A United Kingdom-based Ghanaian Lawyer, Elizabeth Asabea Turkson, daughter of an alumnus of the Asamankese Methodist Primary School, in the Lower West Akim Municipality of the Eastern Region has refurbished a library for the school.
She also stocked it with reading books for the pupils of the Freeman A & KG and the Wesley Primary A & B Schools in Asamankese, in honor of her late father, Ambassador Yaw Bamful Turkson, a former pupil of Asamankese Methodist Primary School in the 1930 and 1940s.
At a short ceremony for the handling of the project to the school authorities, she explained that “my father took education extremely seriously and he did everything to give my brother and me a very good education and I know that he enjoyed his time at this primary school and it laid the foundation for him to go on and to have a career as a diplomat, one of the first career diplomats of Ghana….This small gesture by my brother and me is not a one-off.’
She added that more books will be supplied to the library and they might be digitized at some stage.

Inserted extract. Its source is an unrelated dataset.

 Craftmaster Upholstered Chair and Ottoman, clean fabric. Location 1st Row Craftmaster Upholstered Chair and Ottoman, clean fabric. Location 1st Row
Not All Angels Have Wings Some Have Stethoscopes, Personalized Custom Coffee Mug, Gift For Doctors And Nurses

She also said she hopes that the children will take advantage of The Ambassador Yaw Bamful Turkson Library and will spend time going back to the basics of
reading books.
As part of the efforts to develop the school, she also set up a 9-member development committee for the Schools which is chaired by the Very Rev. Dr. Francis Acquah, who has been mandated with about six projects in the pipeline.
These projects include the construction of a 10,000-liter water poly tank project for the school, a school bus, a wall around the school premises, lavatories, and an IT lab.

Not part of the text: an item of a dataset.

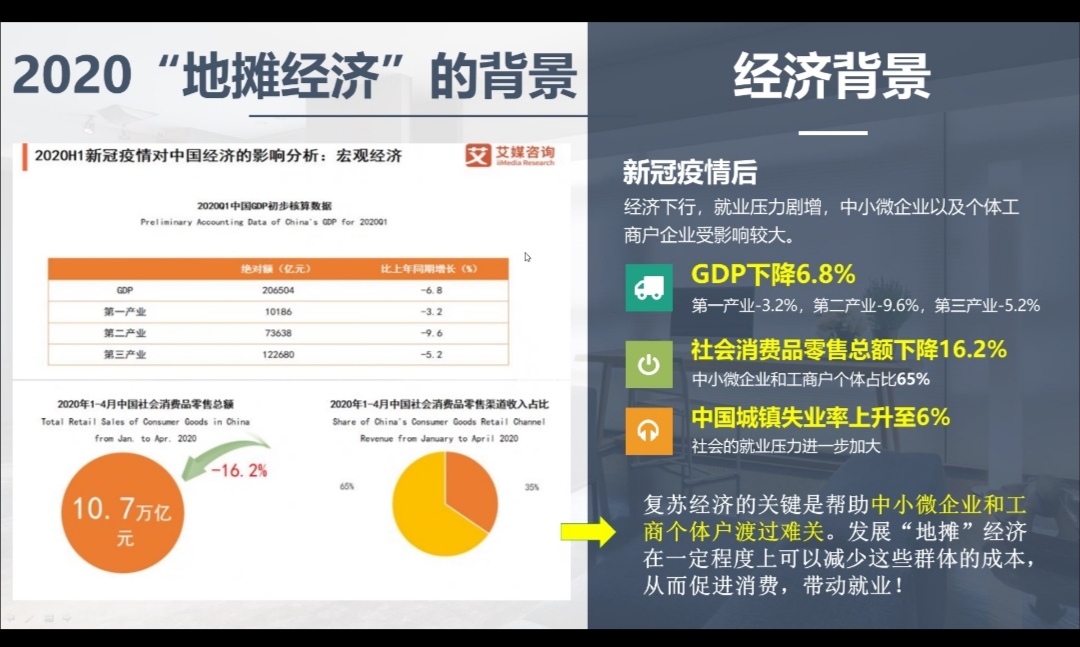 李丹老师从地摊经济的背景、发展历程以及含义三方面为大家进行讲解。首先,从政治和经济两个方面分析了地摊经济的背景。政治方面,2020在全国两会上,释放地摊经济的最大活力。2020年5月,中央文明办明确将马路市场、流动商贩列为文明城市测评内容。直到2020年6月,国务院总理李克强在山东烟台考察时表示,地摊经济、小店经济市就业岗位的重要来源,是人间的烟火,和“高大上”一样,是中国的生机。终于迎来了地摊经济的春天,开始涌现出一系列年度热词,“摆地摊”合法啦、“摆地摊”解决就业、“摆地摊”促进消费等。经济方面,分析了新冠疫情下,经济下行,就业压力剧增,中小微企业以及个体商户企业受影响最大。李丹老师提到,复苏经济的关键是帮助中小微企业和工商个体户渡过难关,发展“地摊”经济在一定程度上可以减少这些群体的成本,从而促进消费,可以有效地带动就业。

Ms. Turkson further highlighted that children at the basic education levels are the future leaders in the fields they will choose to specialize in, hence the need to invest more in their education to prepare them for a better future.
The Municipal Director of Education, Eunice Amfo-Akomnor on her behalf also urged parents to complement the efforts of the school teachers to create a conducive teaching and learning environment for the children.
She further outlined some challenges confronting the school which need immediate intervention.
“Things are difficult though but we are pleading with the parents to provide some basic needs for their children, concerning teenage pregnancy, we want the Chiefs to set laws which ban children from roaming in the night attending parties and funerals, and also the parents should police their children in the house whilst the teachers also do their part in the school,” she said.
“The children too, let’s help them to inculcate the habit of reading, in so doing then we can say we are laying a good reading foundation for them, that notwithstanding, let us advise them to take good care of the books which have been brought to them so that we adequately prepare them for the BECE which is ahead,” she added.
She also called on individuals, philanthropists such as Ms. Turkson, NGOs, and the government to come to their aid.